I tell people that the reason I am on Facebook so often is that I sit in front of a computer for forty hours a week and wait to help people. That is true. That is also an excuse. I use Facebook because I am just as much of a voyeur as everyone else. But I also like being able to stay connected with people I normally would not have. I like that it's an easy way to get a hold of someone. But again, the connections made and kept do not a friendship make. I am just as offended or hurt, in some cases, as other are when someone deletes me or blocks me. I have gone through my list of contacts and deleted people I have never met or couldn't remember meeting. There was no point in keeping those lines of communication open.

I hate Facebook.

I have wasted too much time pouring over the daily, one-line musing of people I barely know. I want real friendships. Since when, in a real friendship, can a person decide to delete you? No, memories fade and people drift but in real relationships with people, there is no "delete" button. And I liked it better that way. As much as I don't like confrontation, I don't necessarily mind doing it. I mean, there's something to be said for severing all ties but I've always been the kind of person to let people know why. I have stopped talking to people and I have cut people out of my life. If those people are honest with themselves and honest with you, they know exactly why. It's because real lines of communication are open. Whatever the consequences, I choose honesty. Whatever the outcome, I choose to try to be a better person than I am.

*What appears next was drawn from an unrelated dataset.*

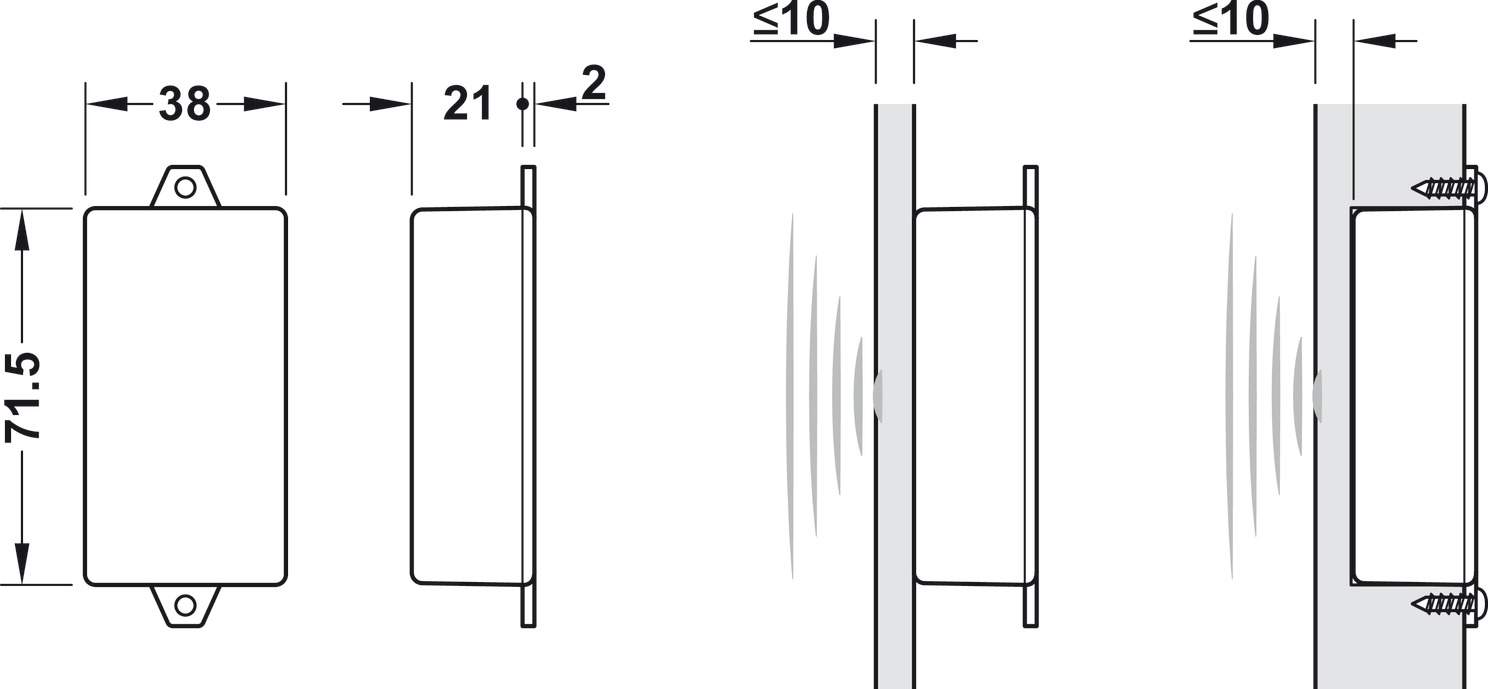 - Встановлення: Датчик прикручується до вибраної зони на розсувних дверях або прилеглому меблевому корпусі.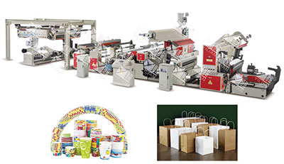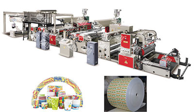 SJFM型雙主機擠出淋膜復合機組,吸收國外先進技術,是目前國內一次完成雙面淋膜工藝的先進機種,設備用于需要一次生產完成的雙面涂塑紙,或多層的如牛奶盒、果汁盒、飲料盒等復合材料

The thing about me is that I don't like to be angry or at odds with people. People do shitty things, myself included, and deserve forgiveness. Don't get me wrong, I am not stupid. Well, maybe I am. But if someone say, constantly asks to borrow money and doesn't return it, I learn. That person is not a wise person to loan money to. But I do not want to stay angry with that person. I'm sure there are people out there who think I hate them or am holding something against them. It's just not true. I sometimes take time to "cool off" if I am angry but I prefer to choose forgiveness. I prefer to be on good terms. I prefer to try.

I like talking to people. I like having conversations. I like the tangible aspects of relationships like hugs and a note that is written using pen and paper. I like being given the opportunity to clarify confusion. I don't mind how awkward some conversations can be. I love that I can tell what a person means based on body language and vocal inflections. Facebook doesn't provide those things. Facebook provides a forum we can attend in order to maintain connections with people that are too many steps removed from what healthy relationships are. Facebook is a perversion of what friendship should be.

I choose to make and keep my friendships and other relationships real.